When Canaletto painted a view of the garden looking north from the Duke of Richmond's dining room in Richmond House in 1747, it was a last view of a prospect that was soon to disappear with the demolition of the old palace's Holbein Gate adjoining the garden. Parliament Street was driven through the western side of the garden in 1750 to connect Whitehall to the Palace of Westminster. At the start of the 19th century the garden's "decayed wall, long fringed by pamphlets, ballads, and ragged advertisements" was removed and replaced by an iron railing and newly planted trees. Its north side remained "most confused and unpleasant", terminating in a maze of "fifty narrow passages, formed by sheds, blank walls, the residences of the nobility, and the workshops of the tradesmen."
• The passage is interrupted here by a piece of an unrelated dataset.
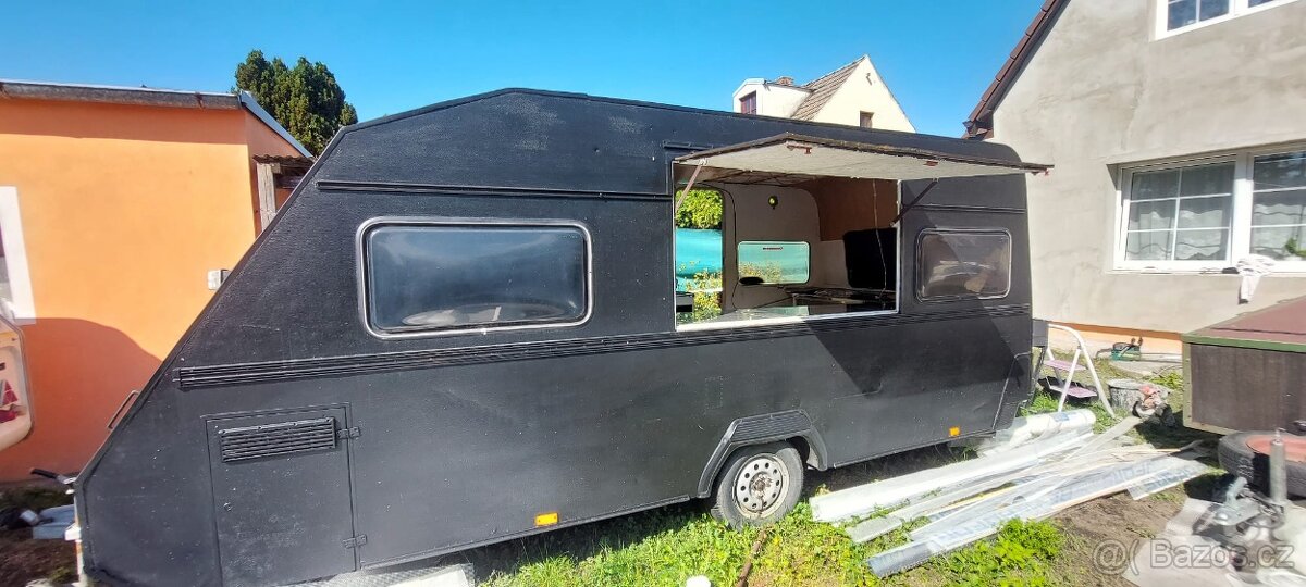 Karavan, občerstvení, prodejna - [13.3. 2026]Pojizdná prodejna originální DDR výroba doklady platné STK,karavan je vybaven hliníkovým oknem které jde otevřít a okna vyndat, světla a elektryka fungují,800 kg lze tahat ze skupinou řidičský průkaz B

A house in Privy Gardens was occupied by Margaret, Dowager Duchess of Portland. She died on 17 February 1785. Upon her death the contents of the Portland Museum were sold off starting on 24 April 1786 and continued over a 37 day period. This museum is not to be confused with the current Portland Museum, Dorset, this one was in Bulstrode Park and featured the art collection of the Duke and Duchess. The auction was conducted by Mr Skinner and Co, of Aldersgate Street. Lot number 4155 was the Portland Vase.
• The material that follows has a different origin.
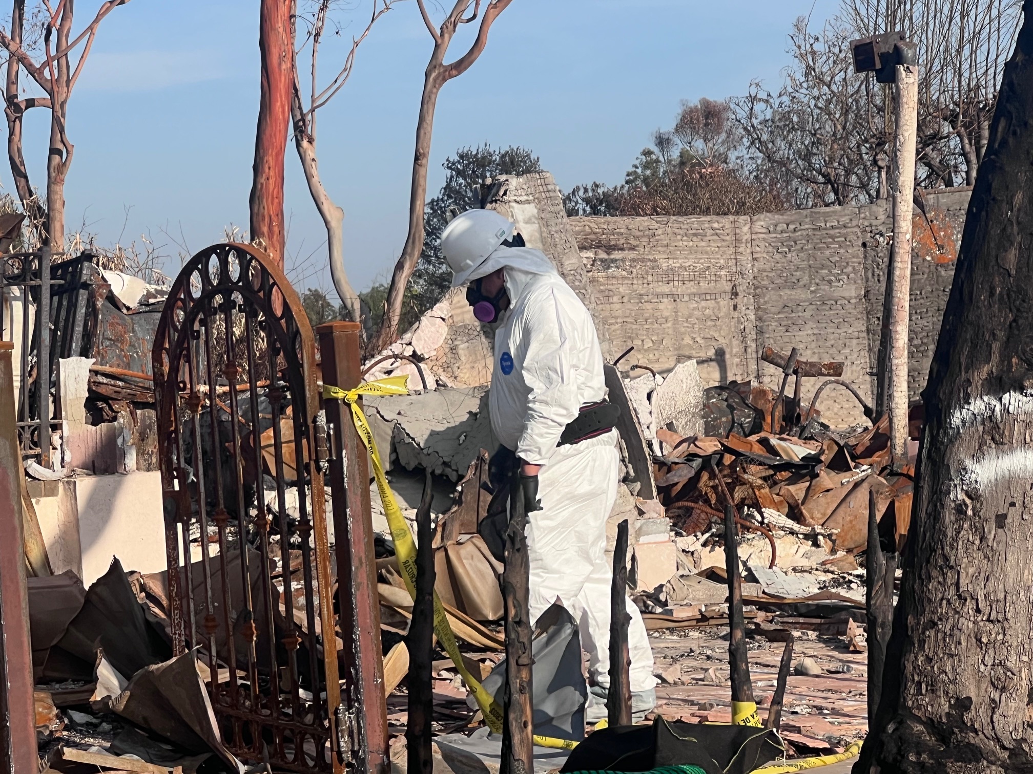 Cleanup workers in Pacific Palisades clad in HAZMAT suits and respirators because, of course, there’s nothing to worry about. Photos by Christopher LeGras

The area was ripe for redevelopment by the landholding elite, who wished to have suitably grand townhouses to occupy while attending Parliament and the court. The vestiges of the Privy Garden became the site of a new street. In 1808 a row of houses called Whitehall Gardens was constructed on the site. Behind each house, long grassy gardens planted with rows of trees led directly down to the river, until they were cut off by the construction of the Victoria Embankment along the river bank between 1865 and 1870.
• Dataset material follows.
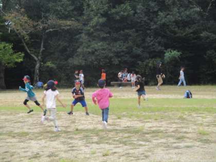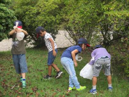嵐山の亀山公園では,待ちに待ったお弁当の時間です。食べた後は,くりやどんぐりを拾ったり,虫を見つけたり,鬼ごっこをしたりして,思い思いに楽しみました。

Prime Minister Benjamin Disraeli lived in one of the houses between 1873 and 1875, while Sir Robert Peel lived in another (and died there in 1850 after falling from his horse on Constitution Hill). The trees outside the front entrance to Whitehall Gardens were the last survivors of the original Privy Garden, and stood until as recently as the late 1930s.

Among the houses in Whitehall Gardens were Montagu House and Pembroke House, a Palladian riverside villa with elaborate interiors. The houses were demolished along with the rest of Whitehall Gardens in 1938, in what the architectural historian John Harris described as "a monstrous act of vandalism", to make way for the construction of the new offices of the Board of Trade and Air Ministry. The interior decorations of four of Pembroke House's rooms were saved after its demolition and were reinstalled in the new government offices, now the Ministry of Defence Main Building.